My virtual host looks like this:

Code:
Alias "/media/" "/Volumes/Storage-1/www/synix/"
	ServerName [url]www.synix.se:80[/url]
	DocumentRoot "/Users/admin/Sites/Synix/sv"
	<Directory "/Users/admin/Sites/Synix/sv">
		Allow from all
		<IfModule mod_dav.c>
			DAV Off
		</IfModule>
		AllowOverride All
		Options +FollowSymLinks +ExecCGI +Indexes +Includes
		Order allow,deny
	</Directory>
	<Directory "/Volumes/Storage-1/www/synix/">
		Allow from all
		<IfModule mod_dav.c>
			DAV Off
		</IfModule>
		AllowOverride All
		Options +FollowSymLinks +ExecCGI +Indexes +Includes
		Order allow,deny
	</Directory>
 

belvdr

macrumors 603
Aug 15, 2005
5,945
1,372
You don't want to set the user/group to admin:admin. Any visitor of your web site only has to make a small exploit and they could own the machine and all data. It's just not wise.
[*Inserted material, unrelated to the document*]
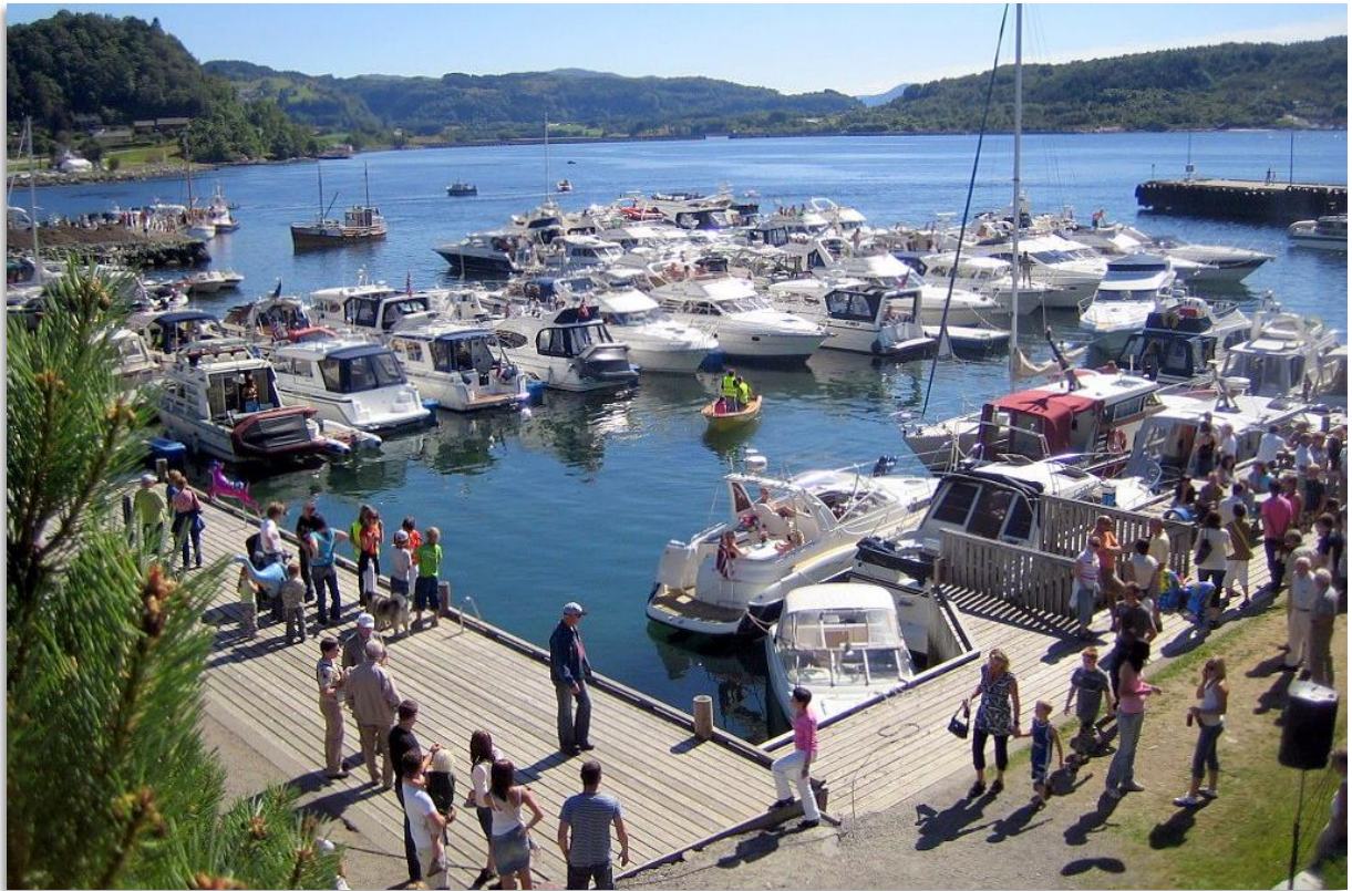
Sentrumshamna i Askvoll.

For the upload, your PHP script is the culprit. It has to upload the file to /media instead of /. You verified this by browsing to /media and seeing the files, so that proves the httpd.conf is correct. Additionally, the daemon doesn't control what the PHP script does in respect to where uploads are occurring. That's all done within the script itself.

Also, you should restrict the permissions on those Apache directories:

Code:
Options +FollowSymLinks +ExecCGI +Indexes +Includes

That's just asking for trouble.
 

xper

macrumors 6502
Original poster
Dec 15, 2005
430
3
Sweden - Halmstad
Ah ok thanks, i will fix those security issues as soon as possible, just want to make the uploads works properly first.

Well, i can navigate to the /media/ folder in the browser, no problem, and the PHP upload script is set to use the folder /media/ but instead of it following the alias and directory it creates a new /media/ folder in the root every time i make an upload, i am not good at Apache as you notice but shouldnt it use the new path for /media/ now?
 

belvdr

macrumors 603
Aug 15, 2005
5,945
1,372
If the PHP script is using the directory path (not the URL path), then you'd need to specify the full filesystem path in your script:

Code:
/Volumes/Storage-1/www/synix/
 

xper

macrumors 6502
Original poster
Dec 15, 2005
430
3
Sweden - Halmstad
Forgive me, the symlink i made wasnt correct so obviously it didnt work, i could use the code you provided but this platform is made to work on various server setups so it would break on those system.

Also, the php script can fetch its own URL base so subdomains could be used, pretty great because the webserver is almost down at idle now, pretty nice performance boost.